PEOPLE WHO DON'T WANT TO SHUT ME UP

Tuesday, April 5, 2011

manhoos din


On this day in 1895, Oscar Wilde (books by this author) lost his criminal libel case against John Sholto Douglas, the 9th Marquess of Queensberry. Wilde was the author of many works, including The Picture of Dorian Gray (1891) andThe Importance of Being Earnest (1895). Douglas was the father of Wilde's lover, the poet Lord Alfred Douglas.
Douglas had scribbled on one of his calling cards that Wilde was a sodomite and left it for Wilde to find.
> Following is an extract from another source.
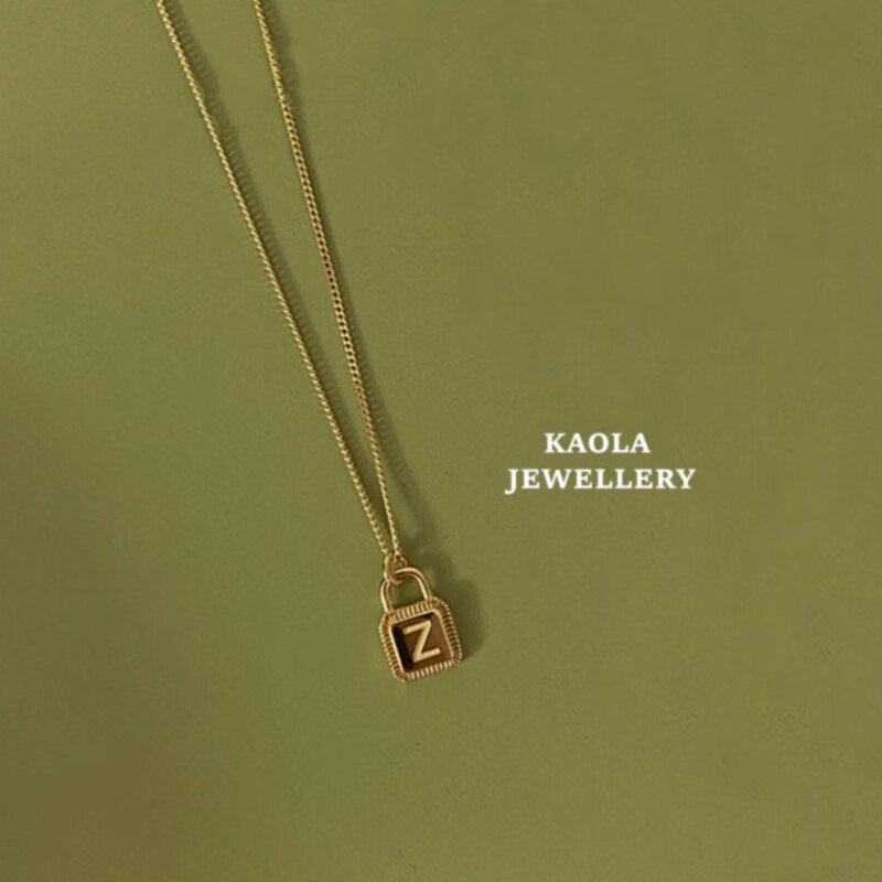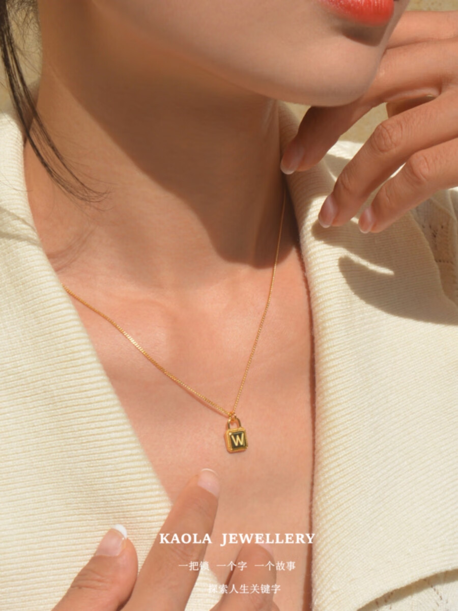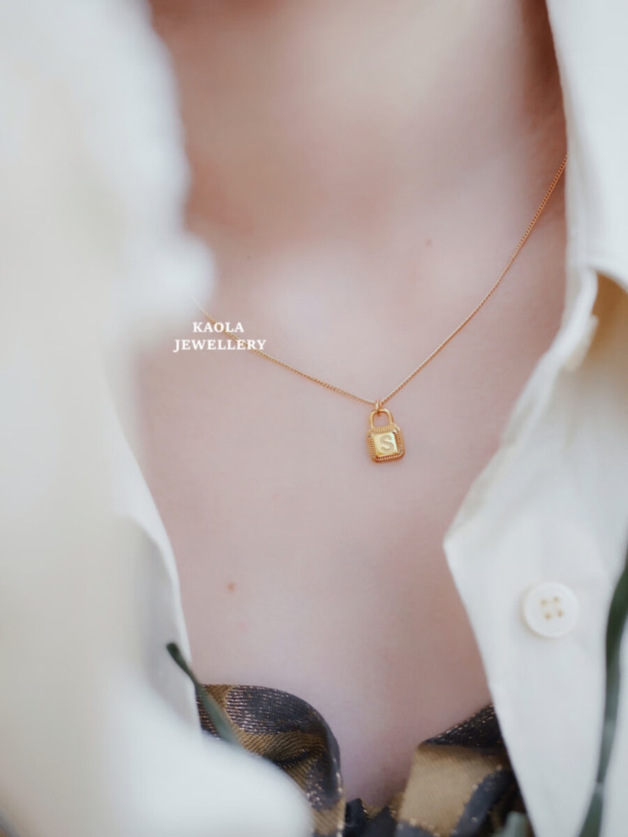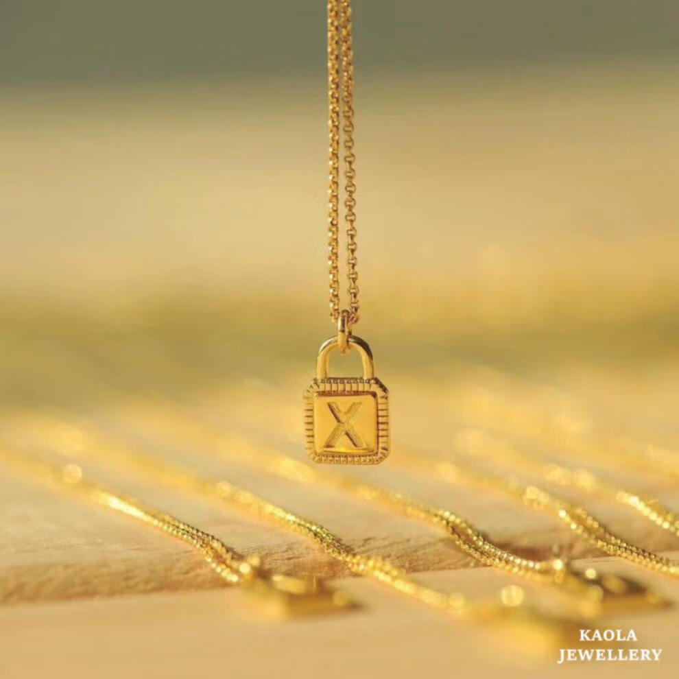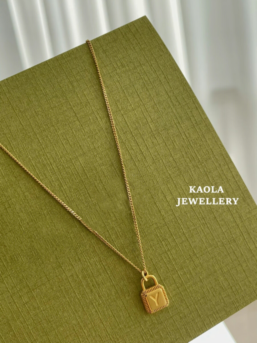 Yadige 18K gold pendant lock letter necklace for women retro gold 26 English customized clavicle chain gift personalized 18K gold

He misspelled it — it actually read "somdomite" — but Wilde sued him for libel anyway, partly to demonstrate his superior wit in a public space. And when Douglas's lawyer asked Wilde if a certain story that had recently been published was immoral, Wilde responded: "It was worse; it was badly written."
Wit could not protect him, though. He lost the libel trial, was found guilty of "gross indecency" for homosexual practices, and was jailed for two years without bail, which caused him to go bankrupt.
Oscar Wilde, oh, Oscar Wilde. What a human being he was, incredible and funny and so brilliant. I can't even begin to talk about what a great tragedy the destruction of his life by society was. The loss: can we ever even begin to understand it, to grasp its mere nature?


And no, I don't think I'll ever get over what was done to him.